Cryptocoins News / The Cointelegraph ​ 128 Views

The lawsuit claims FTX Digital Markets was an “economic nullity” within the FTX Group “created as a front to facilitate a conspiracy to defraud the Debtors’ customers.”

The legal teams representing Alameda Research, FTX US and FTX Trading have filed a complaint against the Bahamas-based FTX Digital Markets, claiming the company was a “fraudulent enterprise” used as a shell entity to obfuscate the question of the firm’s ownership.

In a March 19 filing with the United States Bankruptcy Court for the District of Delaware, FTX debtors say FTX Digital Markets (FTX DM) and the joint provisional liquidators (JPLs) had claimed the Bahamian arm was the “constructive owner” of FTX.com’s fiat and crypto assets as well as other intellectual property. According to the complaint, these “baseless claims” by FTX DM “will harm FTX.com customers and all other creditors of the FTX Debtors” as the company continues with bankruptcy proceedings in the United States.

“The JPLs’ claim to ownership of FTX.com’s property is based largely on constructive, equitable, and other non-documentary arguments that depend upon the false premise that FTX DM was the center of the FTX Group,” says the filing. “Nothing could be further from the truth. FTX DM was no more than a short-lived provider of limited ‘match-making’ services for customer-to-customer transactions, on the cryptocurrency exchange built, owned, and operated by Debtor FTX Trading, its immediate corporate parent.”

The complaint alleges:

“FTX DM was an economic nullity within the FTX Group. FTX DM was a legal nullity as well. The peculiar history of FTX DM is a classic example of abuse of the corporate form. It was created as a front to facilitate a conspiracy to defraud the Debtors’ customers.”
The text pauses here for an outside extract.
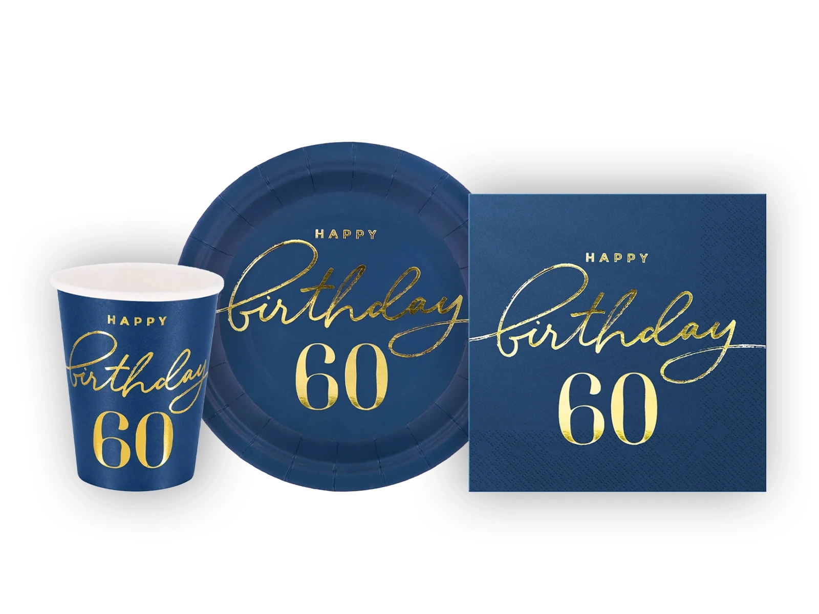 Csészék + szalvéták + papírtányérok készlet 60. születésnapra - 22 db.

As part of the court filing, the debtors seek a ruling that would assert that FTX DM had an “ownership interest” in the property at the center of the bankruptcy case. In addition, the legal team cites former FTX CEO Sam Bankman-Fried’s criminal and civil charges in the U.S., claiming he had connections with Bahamian authorities aimed at minimizing his “criminal and civil exposure should the massive fraud be discovered.”

FTX Group filed for bankruptcy in the U.S. on Nov. 11, one day after the Securities Commission of the Bahamas froze FTX DM’s assets and suspended the firm’s registration. The country’s supreme court later approved the appointments of PricewaterhouseCoopers’ Kevin Cambridge and Peter Greaves to act as provisional liquidators for the FTX DM case.

Related: FTX liquidators report exchange held $2.4M ‘fleet of vehicles’ in the Bahamas

Bankman-Fried has pleaded not guilty to criminal charges in the U.S., while civil cases brought by federal financial regulators have been deferred until after SBF’s October trial. The former FTX CEO is currently free following a $250-million bail bond but has frequently appeared in court to have the issue of bail revisited after it was discovered he used encrypted messaging apps and a virtual private network.